Access Policy Gateway

Responsible for authorization and redaction before results leave a backend.

Minimum protocol:

authorize(subject, action, object, context) -> PolicyDecision
filter_results(subject, action, results, context) -> FilteredResults
explain_decision(decision_id) -> PolicyExplanation

Policy should support a ladder:

  1. Labels and trust zones.
  2. File/path ACLs.
  3. Relationship-based access control.
  4. Attribute/rule-based policies.
  5. External authorization services.

Suggested Backend Manifest

Backends should register through a Markdown/YAML manifest:

# Local SQLite Backend

```yaml markitect-backend
id: local-sqlite-cache
kind: cache-backend
capabilities:
  - snapshots
  - json
  - fts
  - sql
  - provenance
storage:
  engine: sqlite
  path: .markitect/cache/index.sqlite
policy:
  mode: labels
```

CLI Direction

The first backend CLI should be explicit:

mkt cache init
mkt cache build <path>
mkt cache status
mkt cache query <selector-or-query> --backend <name>
mkt ast show <file>
mkt ast query <file> <jsonpath>
mkt context pack <manifest-or-query>
mkt context activate <package-id>
mkt policy check <subject> <action> <object>

Do not hide persistence behind mkt query. The user should know when the tool is querying live files versus a persistent backend.

Start with:

  • content hashes in Python standard library
  • SQLite for snapshot metadata, JSON, and FTS5
  • JSONPath as an optional extra
  • local filesystem cache directory
  • simple label policy
  • provenance tables

Defer:

  • vector search until text/structure cache works
  • external authorization engines until local policy model is stable
  • MCP server exposure until resources/tools are secure and explainable
  • distributed cache until local invalidation is boring

Security Notes

Cached data becomes a new data exposure surface.

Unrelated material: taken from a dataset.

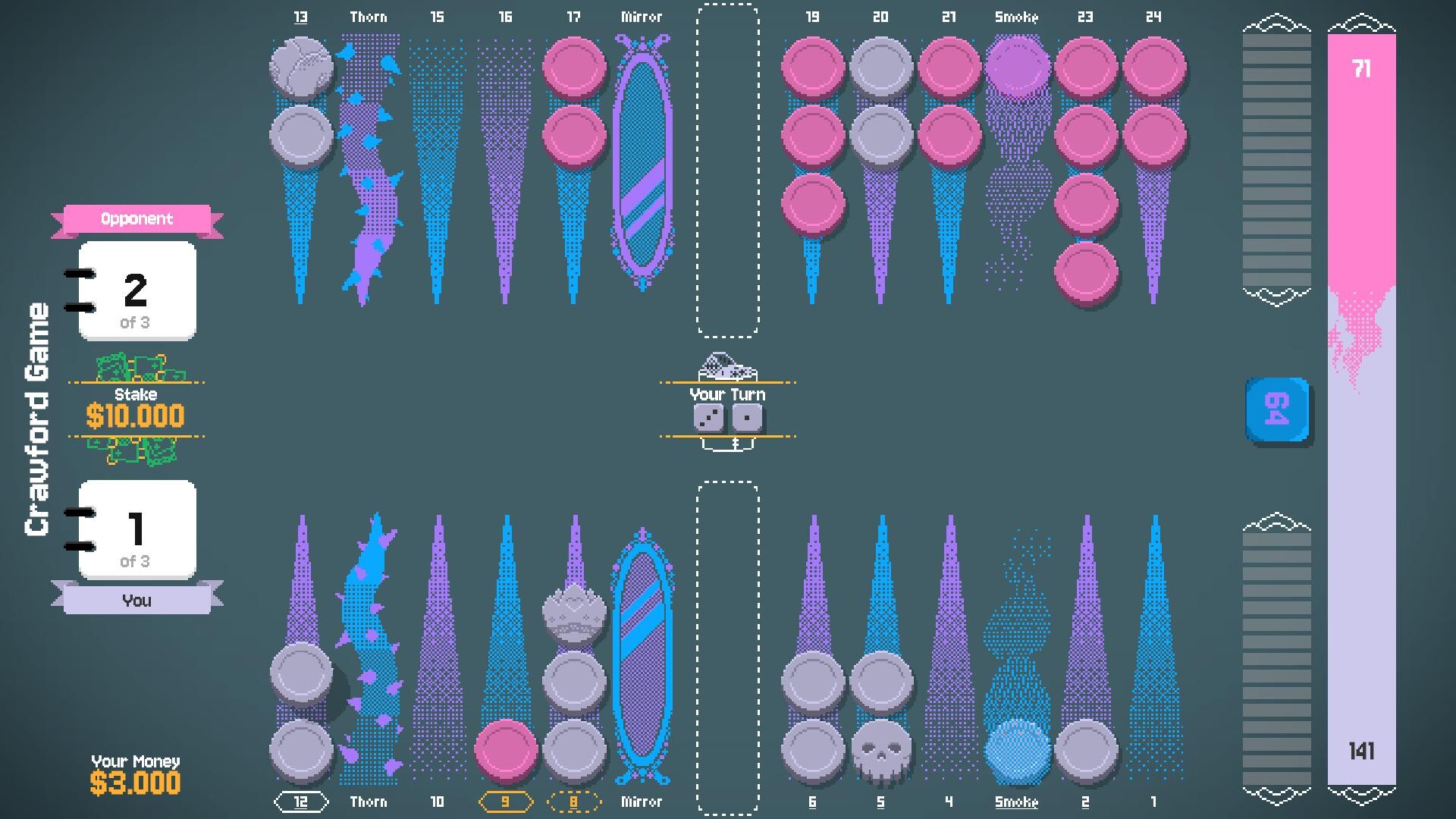 Backgammon, but the dice are enchanted, the boards are cursed - and every checker plays by its own rules. Outsmart the odds, exploit rule-bending mechanics, and climb to the top as you roll the dice in this high-stakes roguelite experience!
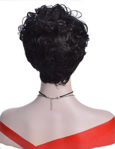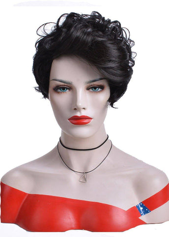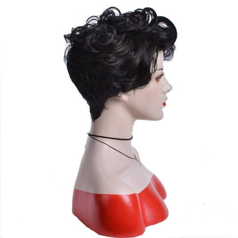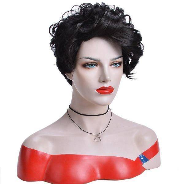 Maak je casual outfits stijlvoller en twijfel nooit meer om je haar te knippen met onze Kort Haar Pruik Zwart pixie en krullend. De diepste tint zwart, gestyled in een licht asymmetrische krullende pixie vergezeld van een zijscheiding, is ideaal om je volgende looks een wildere touch te geven.

Minimum requirements before secure use:

  • cache location is explicit
  • cache entries know source path and content hash
  • policy mode is visible
  • query results report policy filtering
  • context packages list what they include
  • destructive cache operations require explicit command
  • no backend silently sends document content to a network service

Architecture Decision

Implement the backend fabric after deterministic transform/composition primitives are underway, but before serious caching, agent memory, or advanced query backends. This lets WP-0003 continue while reserving a clean path for the research-lab track.